Can they live with a dwarf puffer in a 10 gallon? 
can one live in a 2.5 gallon tank?
can they live in room temp water (68 degrees and up)?


----------



## Damon (Jan 18, 2005)

No
Yes
Not adviseable.


----------



## j55 (Apr 25, 2005)

the DP would tear it apart, bit by bit,
j55


----------



## fishboy (Feb 26, 2005)

thanx i have a 2.5 and like these 1 will be cool in there?
how should i feed them?


----------



## j55 (Apr 25, 2005)

no idea, I know they their own food from particles ion the water, but I don't know if there areno other fish in there,
j55


----------



## Jay (Apr 26, 2005)

They have 2 pairs of feathery appendages to collect suspended algea and micro-organisms. You wont have to add any food. 

They can live in conditions of 68 an up. They cannot tolerate coldwater conditions.

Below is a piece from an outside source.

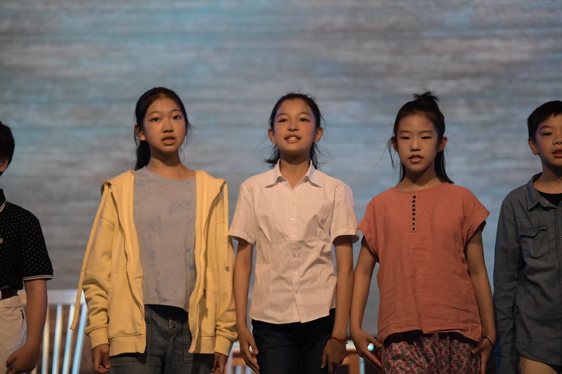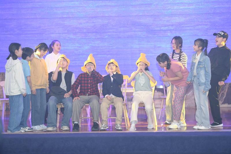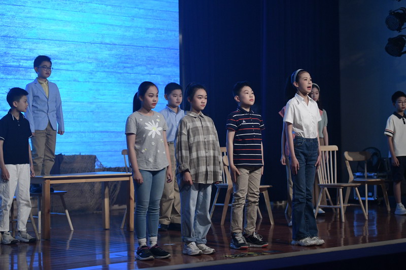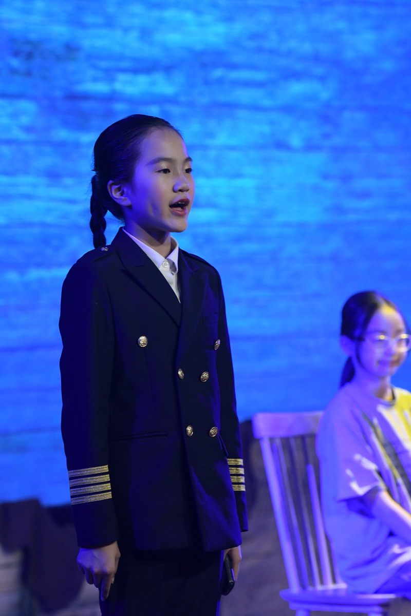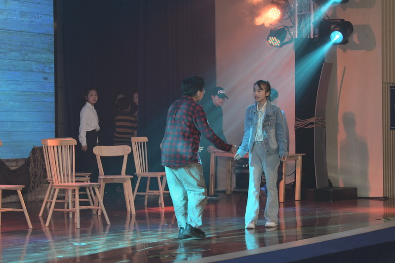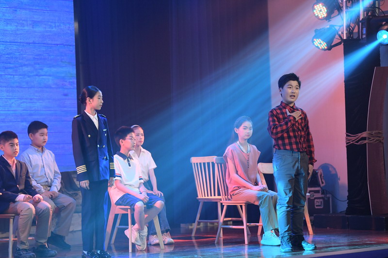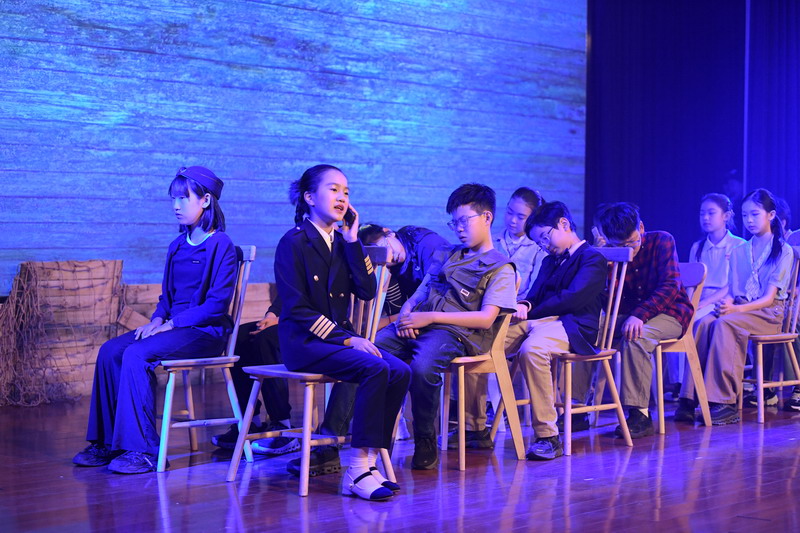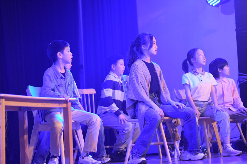 演出当日,15把椅子与105位演员巧妙化身为故事中的7000人,以简驭繁、以少胜多。借助音乐的渲染,寥寥身影亦营造出磅礴气势。舞台上,学生们各展所长、百花齐放,用醇正流利的英语台词与余音绕梁的歌曲联唱,为观看义演的师生、家长献上了一场视听盛宴,不仅充分展现了个人风采,更让观众深刻领略到戏剧艺术的独特魅力。

I've been told they do not do well in small tanks, the reason i'm not so sure on.


----------



## fishboy (Feb 26, 2005)

i'll try one in my 2.5


----------



## Hamm3592 (Apr 24, 2005)

if you want to find out more about them theyre are probably on this site http://www.aqualandpetsplus.com/Bug, Shrimps.htm


----------



## garfieldnfish (Jan 18, 2005)

Dwarf puffers would have them for a snack. They need warmer temps, like tropical fish, 76+ and at least 15 gal of aquarium space a piece. They will not be able to filter enough food in a 2.5 gal. I have 1 in a 20 gal with 3 L174s a BN and 4 glolight tetras. I also have a Burmese Mountain shrimp in a 15 gal with 5 dwarf frogs and 2 clown plecos and 3 applesnails. A wood shrimp would do fine in that set up as well. But in nothing smaller.


----------